The bracket 201 may include a buffer 212 to which a buffer member 220 (see FIG. 4) for isolating the vibration of the compressor 1 is coupled. The buffer members 220 may be provided in plural numbers corresponding to the number of buffer portions 212.

The bracket 201 may include a coupling portion 400 provided on the bracket body 210 to couple the support member 60 (see FIG. 4).

The material of the bracket 201 may have a greater strength than the material of the insulator 120 (see Fig. 4). The bracket 201 may include steel.

The engaging portion 400 may be disposed at the center of the bracket body 210.

The coupling part 400 may include a coupling part body 410 extending downward from the bracket body 210 and a receiving part 420 provided in the coupling part body 410 to insert the supporting member 60 .

The coupling part 400 may include a coupling part body 410 that is bent downward from the bracket body 210 and a receiving part 420 that is formed to form a hole in the coupling part body 410.

The insertion portion 62 (see FIG. 3) inserted into the accommodating portion 420 may be spaced apart from the stator core 110 (see FIG. 4). The insertion portion 62 (see FIG. 3) inserted into the receiving portion 420 may be spaced apart from the bracket body 210.

The diameter of the accommodating portion 420 may be equal to or larger than the diameter of the support member 60 and be equal to or smaller than three times the diameter of the support member 60. [ However, it is not limited thereto.

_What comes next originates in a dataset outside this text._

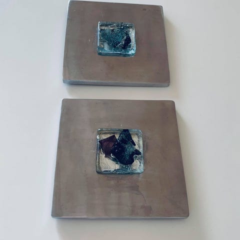 Set of two decorative wall tiles in a rustic, artistic style. Each piece measures approx. 16 × 16 cm and features layered elements including a ceramic/stone-like center piece, metal wire, and beads in warm copper and purple tones. The design has a unique handcrafted look with a textured, slightly shimmering center.

9 is a rear perspective view showing a structure of a pickup shaft supporting structure in a compressor according to another embodiment of the present invention. Fig. 10 is a view showing a coupling portion provided in the stator core in the compressor shown in Fig. 9. Fig.

As shown in FIGS. 9 and 10, the bracket 202 according to another embodiment of the present invention may be disposed adjacent to the lower insulator 122. The bracket 202 may be spaced apart from the lower insulator 122. The bracket 202 may be spaced outwardly of the lower insulator 122.

The bracket 202 can be engaged with the frame 12 with the stator core 110 therebetween. The bracket 202 can be engaged with the frame 12 by a fastening member (not shown) passing through the stator core 110.

A plurality of brackets 202 may be provided. The bracket 202 according to another embodiment of the present invention may be composed of two brackets. However, the present invention is not limited thereto, and the bracket 202 may be variously provided within the range for coupling and supporting the components inside the case 10 (see FIG. 1).

The bracket 202 may include a buffer member 220 for isolating the vibration of the compressor 1. The buffer member 220 may be provided in plurality. The bracket 202 according to another embodiment of the present invention may include two buffer members 220 in one bracket 202. However, it is not limited thereto.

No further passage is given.